Start with a metals test if available. If copper is present, use a stain and scale or metal control product designed to keep metals suspended so they can be filtered or managed without staining surfaces. In some cases, partial water replacement may help, especially if the source of metal contamination has been identified and corrected.
You also want to inspect the reason metals got into the pool. Low pH can damage heater heat exchangers and release copper into the water. Copper-based algaecides can also build up over time. If the pool has a heater, automation system, salt system, or older plumbing components, keeping water balanced protects that equipment as much as it protects the water.
This is one of those situations where product choice matters. The wrong quick fix can create staining that is harder to remove than the original green color.
Why green water can come back after treatment
Sometimes the pool clears, then turns green again a few days later. That usually means the underlying issue was only partly fixed.
The most common reasons are low chlorine after shocking, poor filtration, short pump run times, unbalanced pH, or untreated algae hiding in dead spots. Stabilizer levels can also complicate things. If cyanuric acid is too high, chlorine becomes less effective, and the pool may struggle even when test strips suggest there is sanitizer present.
Another possibility is circulation. If the pump is undersized, the filter is worn out, or return flow is weak, the water may not be moving enough to distribute chemicals and trap contaminants. In those cases, clearing the water is not just about chemicals. Equipment condition matters too.
How to keep pool water from turning green again
Prevention is always less expensive than recovery. Regular testing is the foundation. Keep sanitizer in range, maintain proper pH and alkalinity, and do not let small chemistry drift turn into a bigger cleanup.
Routine brushing and skimming help more than many homeowners realize. Algae likes quiet areas where circulation is poor. Brushing steps, walls, and corners interrupts growth before it becomes visible.
Filter maintenance is just as important. A clogged cartridge, tired filter media, or neglected pump basket reduces water quality fast. If your equipment is older or struggling to keep up, upgrading to a more efficient pump, better filtration, or improved automation can make pool care easier and more consistent.
For salt pools, the same rules apply. A salt chlorine generator still depends on proper water balance, adequate run time, and clean cells. Green water in a salt pool usually means chlorine production or circulation has fallen behind demand.

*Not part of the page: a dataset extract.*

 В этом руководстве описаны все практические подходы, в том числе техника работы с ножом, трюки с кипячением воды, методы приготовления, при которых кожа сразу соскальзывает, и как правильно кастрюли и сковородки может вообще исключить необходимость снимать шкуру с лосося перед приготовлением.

If you want fewer surprises, keep the right basics on hand: a dependable test kit, sanitizer, shock, balancing chemicals, and replacement filter elements when needed. That way, a small change in water color does not turn into a full cleanup project.
When green pool water means it's time to look beyond chemicals
There are times when the problem is not just chemical demand. If the pool repeatedly turns green despite proper treatment, check whether the filter is correctly sized, the pump is moving enough water, and the circulation pattern is reaching the whole pool.

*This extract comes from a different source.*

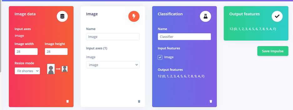 Trong project huấn luyện ảnh, Learning block – Classification được chọn nhằm thực hiện nhiệm vụ phân loại các đối tượng trong ảnh. Khối Classification cho phép mô hình học các đặc trưng và quy luật từ tập dữ liệu huấn luyện, sau đó áp dụng những kiến thức này để dự đoán nhãn của các ảnh mới. Đây là lựa chọn phù hợp cho các bài toán nhận dạng chữ số và ký tự, khi mỗi ảnh đầu vào chỉ thuộc về một lớp xác định. Các learning block khác như Transfer Learning (Images), Regression hay Visual Anomaly Detection cũng được cung cấp, tuy nhiên không phù hợp với mục tiêu phân loại cơ bản của project. Việc lựa chọn đúng learning block giúp đảm bảo mô hình được huấn luyện theo đúng mục tiêu, từ đó nâng cao độ chính xác và hiệu quả của hệ thống nhận dạng ảnh.

A worn pump, failing timer, dirty cartridge, broken valve, or aging salt cell can all create conditions where chemistry never gets a fair chance to work. Pool owners often spend weeks chasing water quality when the real issue is equipment performance.

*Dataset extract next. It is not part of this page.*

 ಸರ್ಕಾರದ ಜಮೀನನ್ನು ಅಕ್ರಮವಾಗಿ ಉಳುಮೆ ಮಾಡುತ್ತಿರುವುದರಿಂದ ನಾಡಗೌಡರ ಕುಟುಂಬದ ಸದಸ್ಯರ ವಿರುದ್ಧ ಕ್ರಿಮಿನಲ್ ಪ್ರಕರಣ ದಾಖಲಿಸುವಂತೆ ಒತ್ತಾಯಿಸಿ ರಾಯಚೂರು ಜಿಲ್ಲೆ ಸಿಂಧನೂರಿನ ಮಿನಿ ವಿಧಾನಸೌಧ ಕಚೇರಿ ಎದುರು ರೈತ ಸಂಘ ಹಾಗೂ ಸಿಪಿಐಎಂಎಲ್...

That is why practical support matters. MSP Supply works with pool owners who need more than a bottle off the shelf - sometimes the right fix is a filter replacement, a new pump basket lid, a salt-system part, or a better testing routine supported by the right maintenance products.
Green pool water is frustrating, but it is usually fixable once you identify the actual cause. Start with a clear test, match the treatment to the problem, and protect your water with consistent maintenance. Clear water is not luck. It is the result of a pool system that is balanced, circulating well, and getting the support it needs.